__Task item__:
Line by line, repeat the data below exactly, beginning at the first line and ending at the line with "Roll’N’Bump Duel inclut". Omit pictures.

__Available records__:
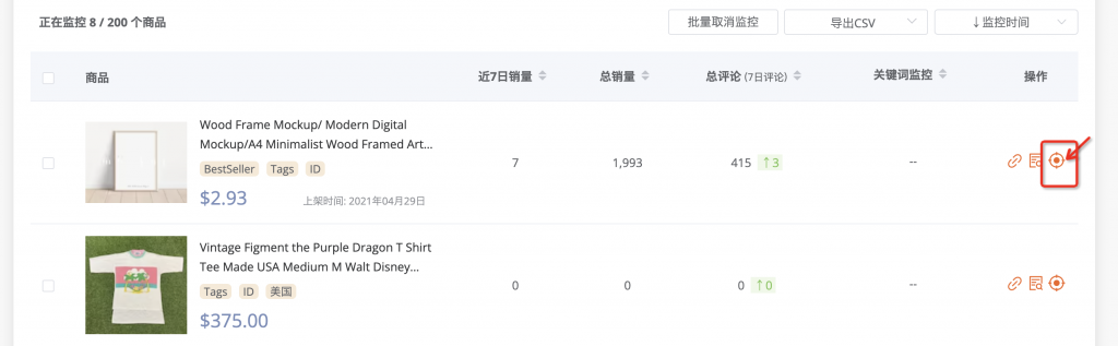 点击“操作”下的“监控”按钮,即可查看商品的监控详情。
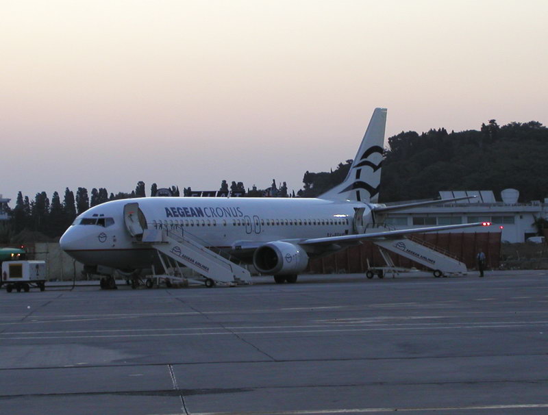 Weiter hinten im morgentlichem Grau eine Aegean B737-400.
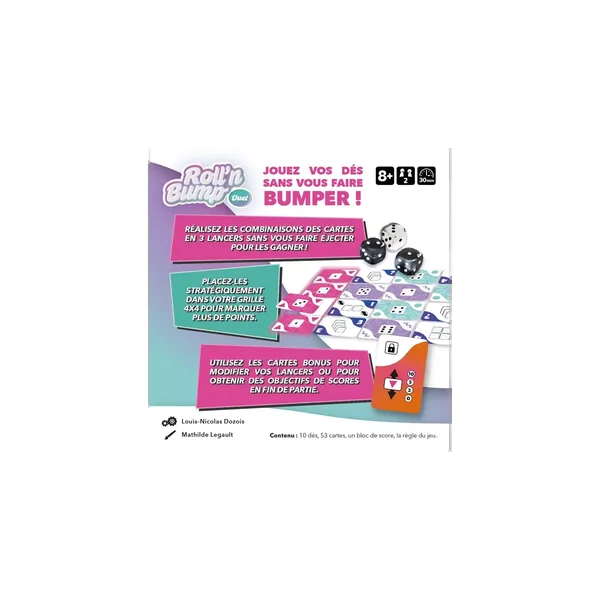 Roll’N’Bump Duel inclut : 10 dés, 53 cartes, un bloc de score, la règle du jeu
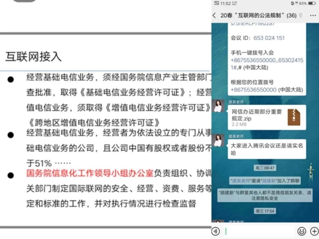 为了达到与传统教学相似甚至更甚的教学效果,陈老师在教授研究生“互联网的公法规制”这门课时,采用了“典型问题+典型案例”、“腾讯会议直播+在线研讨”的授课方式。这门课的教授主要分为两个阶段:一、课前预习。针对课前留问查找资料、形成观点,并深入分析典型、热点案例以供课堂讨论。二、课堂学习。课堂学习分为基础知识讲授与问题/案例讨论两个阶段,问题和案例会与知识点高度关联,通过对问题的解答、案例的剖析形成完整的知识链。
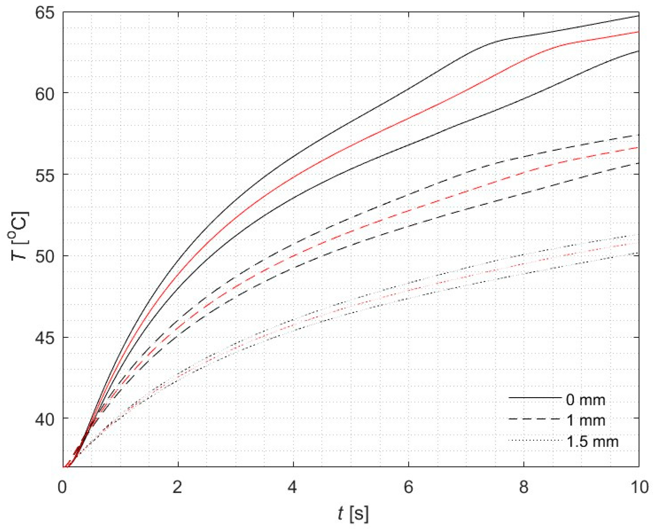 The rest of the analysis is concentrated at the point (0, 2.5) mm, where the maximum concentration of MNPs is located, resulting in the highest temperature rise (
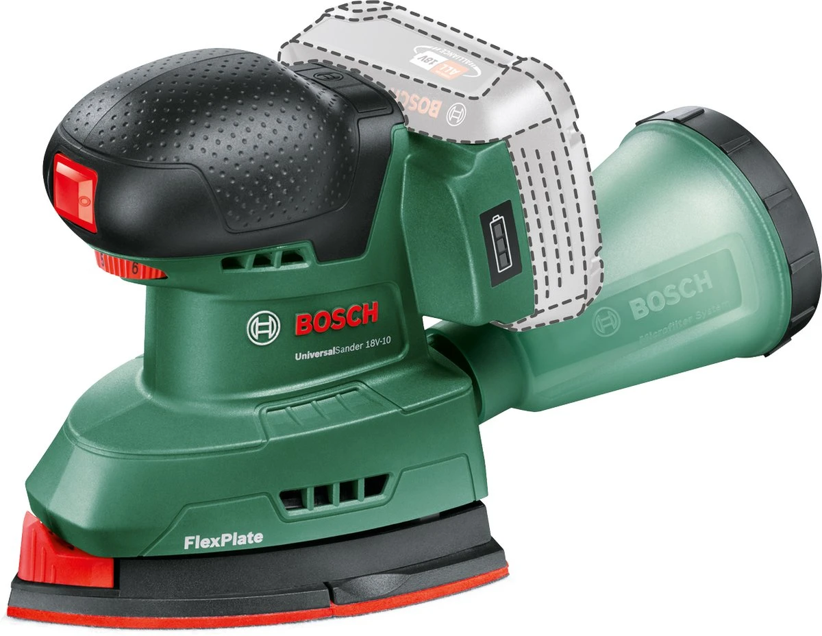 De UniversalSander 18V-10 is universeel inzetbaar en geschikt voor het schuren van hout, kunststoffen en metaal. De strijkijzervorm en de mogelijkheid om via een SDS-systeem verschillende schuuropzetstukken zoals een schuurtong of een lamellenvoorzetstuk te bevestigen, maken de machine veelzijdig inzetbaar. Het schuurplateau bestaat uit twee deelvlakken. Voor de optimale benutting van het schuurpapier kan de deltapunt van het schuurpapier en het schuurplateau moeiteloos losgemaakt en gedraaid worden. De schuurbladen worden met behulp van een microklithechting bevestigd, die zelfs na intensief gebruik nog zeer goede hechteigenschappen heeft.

__Your response__:
 点击“操作”下的“监控”按钮,即可查看商品的监控详情。
 Weiter hinten im morgentlichem Grau eine Aegean B737-400.
 Roll’N’Bump Duel inclut : 10 dés, 53 cartes, un bloc de score, la règle du jeu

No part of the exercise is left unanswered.